If you are n’t using inline encoding hardware the recommend place setting for most devices is fileencryption=aes-256-xts. If you are using inline encoding hardware the recommend place for most devices is fileencryption=aes-256-xts:aes-256-cts:inlinecrypt_optimized ( or equivalently fileencryption=::inlinecrypt_optimized ). On devices without any mannequin of AES acceleration, Adiantum may be used rather of AES by setting fileencryption=adiantum .
On devices that launched with Android 10 or lower, fileencryption=ice is besides accepted to specify the use of the FSCRYPT_MODE_PRIVATE file contents encoding mode. This manner is unimplemented by the Android common kernels, but it could be implemented by vendors using custom kernel patches. The on-disk format produced by this mode was vendor-specific.

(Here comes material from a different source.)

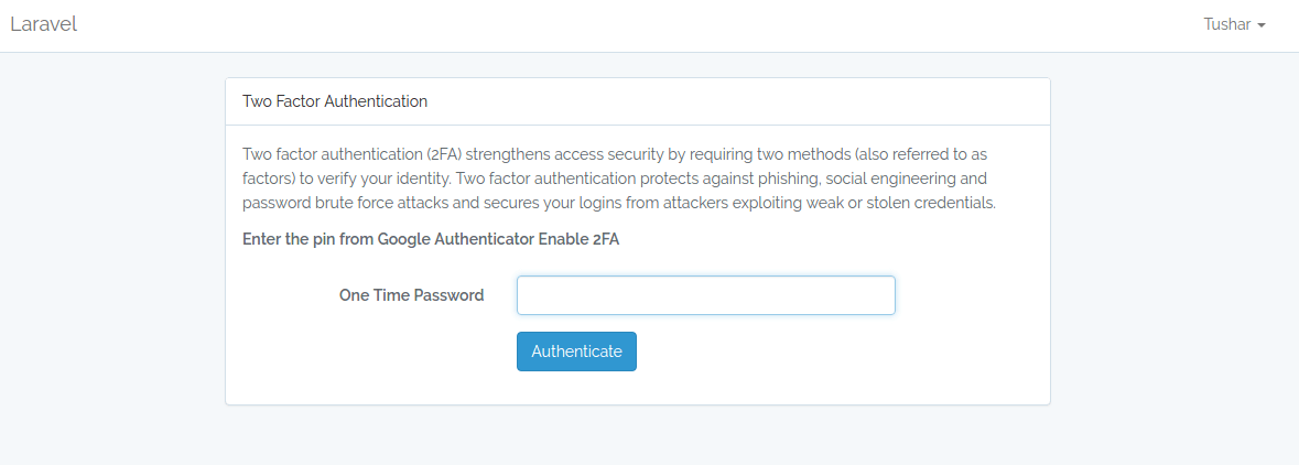 Laravel 2FA Step 1[/caption]

On devices launching with Android 11 or higher, this mode is no long allowed and a standard encoding format must be used alternatively .
Caution : Since the fileencryption option defines the on-disk format, it can not be changed by an OTA .
By default option, file contents encoding is done using the Linux kernel’s cryptanalysis API. If you want to use inline encoding hardware rather, besides add the inlinecrypt wax choice. For model, a wide fstab line might look like :

/dev/block/by-name/userdata /data f2fs nodev,noatime,nosuid,errors=panic,inlinecrypt wait,fileencryption=aes-256-xts:aes-256-cts:inlinecrypt_optimized

Note :

  • The inlinecrypt and fileencryption options
    go in different columns, since inlinecrypt is a
    filesystem mount option whereas fileencryption is a flag
    for Android userspace.
  • If your inline encryption hardware works correctly and the
    wrappedkey_v0 flag isn’t set, the
    inlinecrypt mount option can be added or removed at any
    time without wiping the device. In other words, unless
    hardware-wrapped keys are enabled, inlinecrypt should
    only affect the implementation, not the on-disk format. You should
    test removing inlinecrypt during development to verify
    that your inline encryption hardware is working correctly.

Adoptable storage

Since Android 9, FBE and adoptable storage can be used together .
Specifying the fileencryption fstab choice for userdata besides automatically enables both FBE and metadata encoding on adoptable storehouse. however, you may override the FBE and/or metadata encoding formats on adoptable storehouse by setting properties in PRODUCT_PROPERTY_OVERRIDES .
On devices that launched with Android 11 or higher, use the comply properties :

  • ro.crypto.volume.options (new in Android
    11) selects the FBE encryption format on
    adoptable storage. It has the same syntax as the argument to the
    fileencryption fstab option, and it uses the same defaults.
    See the recommendations for fileencryption above for what to
    use here.
  • ro.crypto.volume.metadata.encryption selects the metadata
    encryption format on adoptable storage. See the metadata
    encryption documentation.

On devices that launched with Android 10 or lower, use the be properties :

  • ro.crypto.volume.contents_mode selects the contents
    encryption mode. This is equivalent to the first colon-separated field of
  • ro.crypto.volume.filenames_mode selects the filenames
    encryption mode. This is equivalent to the second colon-separated field of
    ro.crypto.volume.options, except that the default on devices
    that launched with Android 10 or lower is
    aes-256-heh. On most devices, this needs to be explicitly
    overridden to aes-256-cts.
  • ro.crypto.fde_algorithm and
    ro.crypto.fde_sector_size select the metadata encryption
    format on adoptable storage. See the metadata
    encryption documentation.

Caution : On devices that launched with Android 10 or lower, the default filenames encoding mode on adoptable memory was not valid on most devices, and it differed from the default option mode on inner storage. consequently, on such devices it must be explicitly override, normally to aes-256-cts.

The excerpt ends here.